ME Research UK exists solely to fund high quality biomedical studies into the causes and treatment of ME/CFS. This illness affects approximately 250,000 people in the UK but is neither well understood nor, in many cases, properly recognised. We fund highly regarded, peer-reviewed research worldwide.

Story

It's that time of year again to fundraise for a good cause, which is to raise awareness and support biomedical research into the affects, diagnosis and potentially a cure for this chronic illness. I am committing within ME Awareness week to walk 5 miles and raise much needed funds for much needed further research.

I was diagnosed with acute CFS/ME back in 2009. I am lucky in the respect my condition is only minor in comparison to those who can be bed bound by the condition for years. This condition has no cure. Although there are several treatments which can alleviate some of the symptoms including GET, CBT and various injections and anti depressants.
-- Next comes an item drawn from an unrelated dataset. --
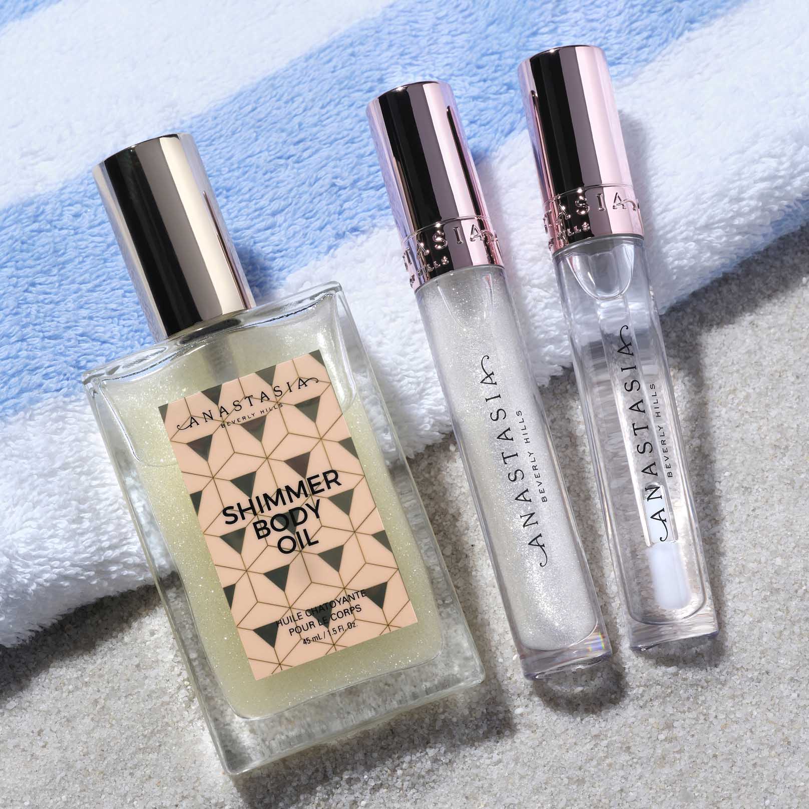 Bask in the NEW Beachside Glow Set: Shimmer Body Oil for silky, sun-kissed skin + two Lip Glosses in season-ready shades.

A person with this condition will suffer with sleep, where they are constantly fatigued and have disrupted sleeping patterns for a period of 6 months or more, pain and discomfort in their legs, headaches, brain fog, weight loss/gain, concentration issues, temperature dysregulation and many other symptoms.
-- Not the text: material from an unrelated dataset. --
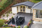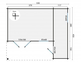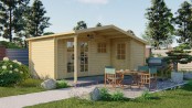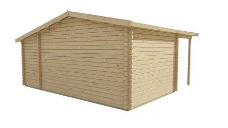 Chalet WOLFGANG en sapin non traité de 10,60 m2 avec annexe de 5,40 m2 et auvent de 5,40 m2.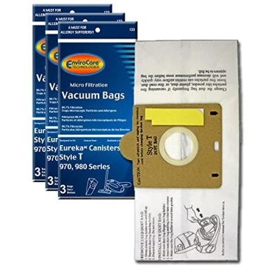 (9) Eureka Style T filter bags fit the Eureka 970 canister vacuum series. Allergen vacuum cleaner bags for canister using the Eureka Style T. 3-Packs of 3 Bags in each Pack Total of 9 Bags International products have separate terms, are sold from abroad and may differ from local products, including fit, age ratings, and language of product, labeling or instructions., Weight: 0.4629707502 pounds, Manufacturer: ENVIROCARE

ME Research UK was founded in 2000, and its principal aim is to commission and fund scientific (biomedical) investigation into the causes, consequences and treatment of Myalgic Encephalomyelitis/Chronic Fatigue Syndrome (also known as ME/CFS). This is a debilitating illness which affects between 120,000 and 240,000 people in the UK, but is neither well understood nor, in many cases, properly recognised.

We also have a mission to Energise ME Research, which involves:

  • raising awareness of the need for biomedical research into ME/CFS globally;
  • providing high quality information on all aspects the of illness for a wide range of audiences — from summarising and appraising scientific literature on ME/CFS to informing the policy agenda;
  • facilitating or hosting meetings on ME/CFS biomedical research — such as, in previous years, our “New Horizons” conferences in Edinburgh and Cambridge, and our Colloquia in Glasgow and Dundee.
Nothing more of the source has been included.